Piediluco, specchio di bellezza
Il lago di Piediluco, pittoresco e suggestivo, riflette le colorate case del borgo, i superbi resti della rocca e i verdi rilievi circostanti. É possibile navigarlo con dei battelli e scoprire gli angoli più nascosti del lago ammirando i panorami fino allo scenografico borgo di Labro e alle alte vette del Terminillo.
“…nelle acque si rispecchiano
montagne villaggi lontani e il
paese di Pie di Luco, protetto alle
spalle dalla diruta fortezza”.
John Cuthbert Hare
Terni, nella valle-giardino
La città di San Valentino, città dell’amore, è moderna e dinamica. È un luogo dove i contrasti si armonizzano e il passato più remoto si integra con la contemporaneità. Le testimonianze medievali e rinascimentali, stanno al fianco delle vecchie fabbriche ristrutturate e riutilizzate come contenitori culturali.
“La vallata di Terni è la più incantevole che si possa vedere in Italia; la
Nera vi scorre in mezzo e ci sono dei boschi che si dispongono così
felicemente, da formare una gradevole aiuola chiusa dalle montagne
che la circondano da tutte le parti”.
J. J. Volkmann
Carsulae, la regina dell’Umbria
Una vasta area archeologica tra verdi prati, ai piedi dei monti Martani, sopra le fonti dell’acqua Sangemini. Carsulae mostra ai visitatori notevoli resti dell’antica città romana, considerata la Pompei dell’Italia centrale.
Gli dei gemelli
Sono visibili ampi tratti della via Flaminia, le terme, l’area del foro e quella degli spettacoli con anfiteatro e teatro. Inoltre, il grandioso arco di San Damiano, monumenti funerari, il tempio di Castore e Polluce, la chiesa romanica dei Santi Cosma e Damiano. Un Centro
di documentazione e un Antiquarium espongono interessanti reperti.
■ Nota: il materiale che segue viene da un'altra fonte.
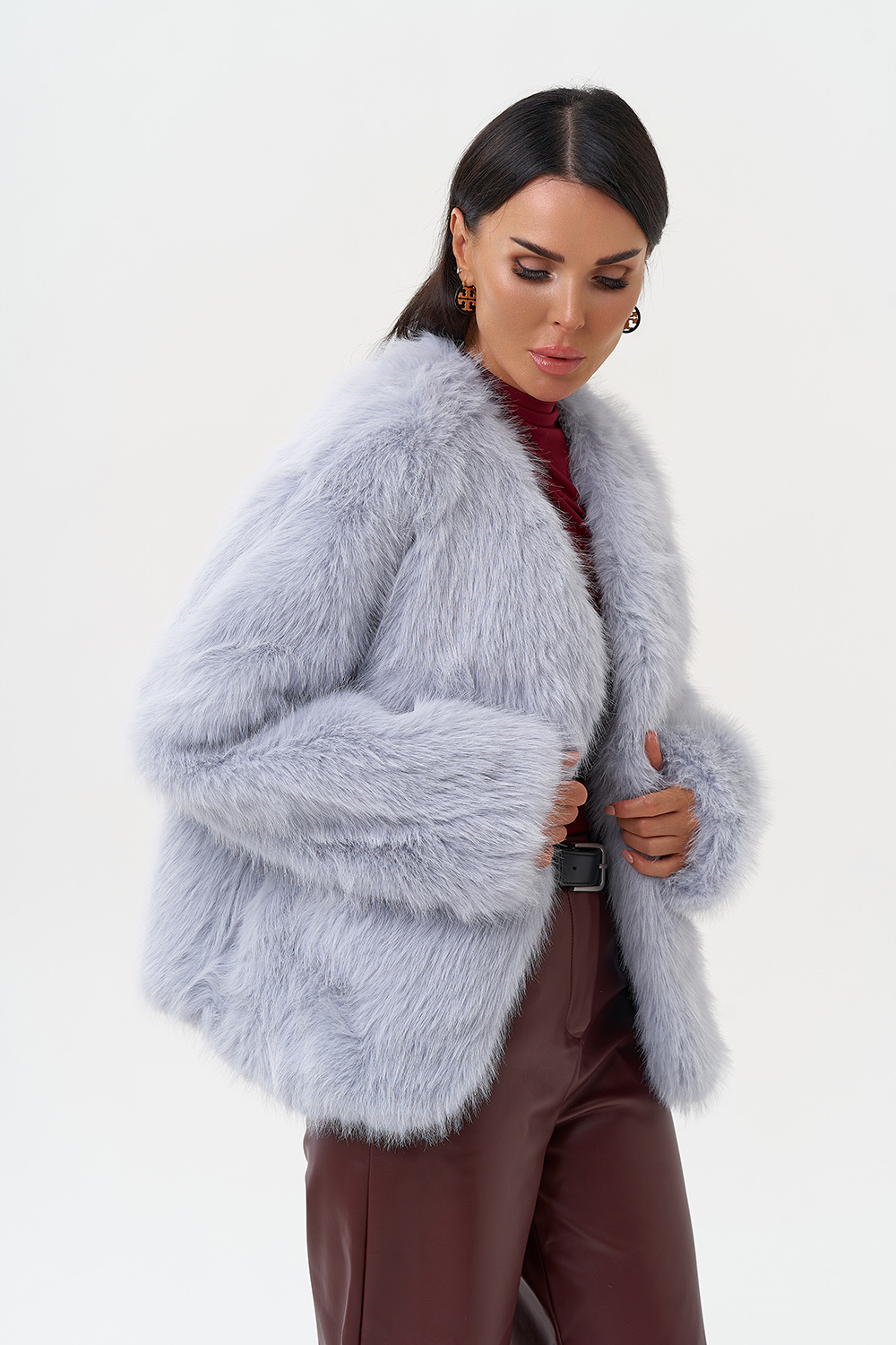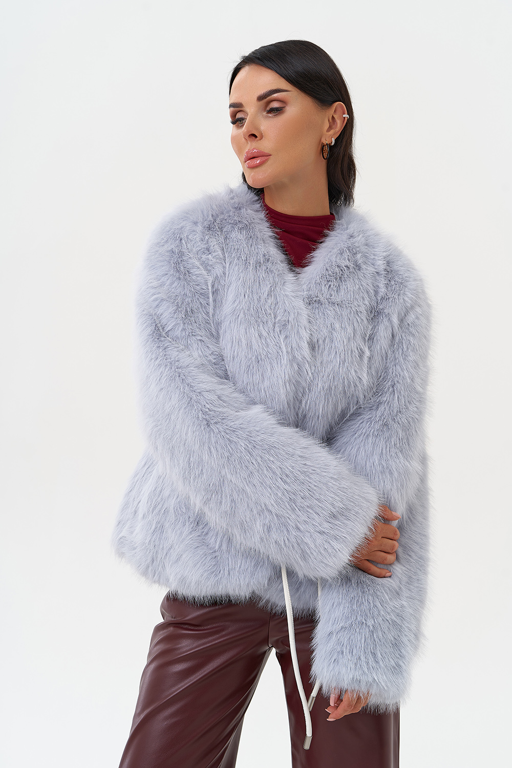 Фасон - прямой Длина изделия - 60 см Цвет - голубой Материал - экомех Состав полотна - полиэстер 100% Подкладка - полиэстер 100% Вид застежки -крючки, пояс Вид ворота - V-образный Фасон рукава - спущенное плечо, длинный |

Narni, iI medioevo sotto-sopra
Il fascino medievale di Narni non è solo nei vicoli, nei palazzi, nelle piazze, nella Pala del Ghirlandaio custodita nelMuseo Eroli, nella superba Rocca. È anche al di sotto: nei sotterranei, oggi visitabili, che svelano un’antica chiesa e la cella dei condannati dal Tribunale dell’Inquisizione.
“ … la regione di Narni è incredibilmente bella…ci sentimmo profondamente colpiti dall’aspetto romantico di Narni. La sua cinta muraria e le sue torri si svolgevano lungo la sommità irregolare…scorci improvvisi di grande effetto”.
J. C. Eustache
Antichi prodigi romani
Un “ponte tanto magnifico” (J. B. Labatte) e “prodigiosamente alto” (marchese De Sade).
Ad attirare i visitatori del Gran Tour erano le grandi arcate del ponte di Narni costruito in età augustea.
…e Narnia finì nelle “Cronache”
Quando C. S. Lewis scrisse le Cronache di Narnia, best seller fantasy che ha ispirato i celebri film della Walt Disney, usò il nome della cittadina umbra, chiamata dai Romani Narnia, conosciuta attraverso una carta dei classici latini.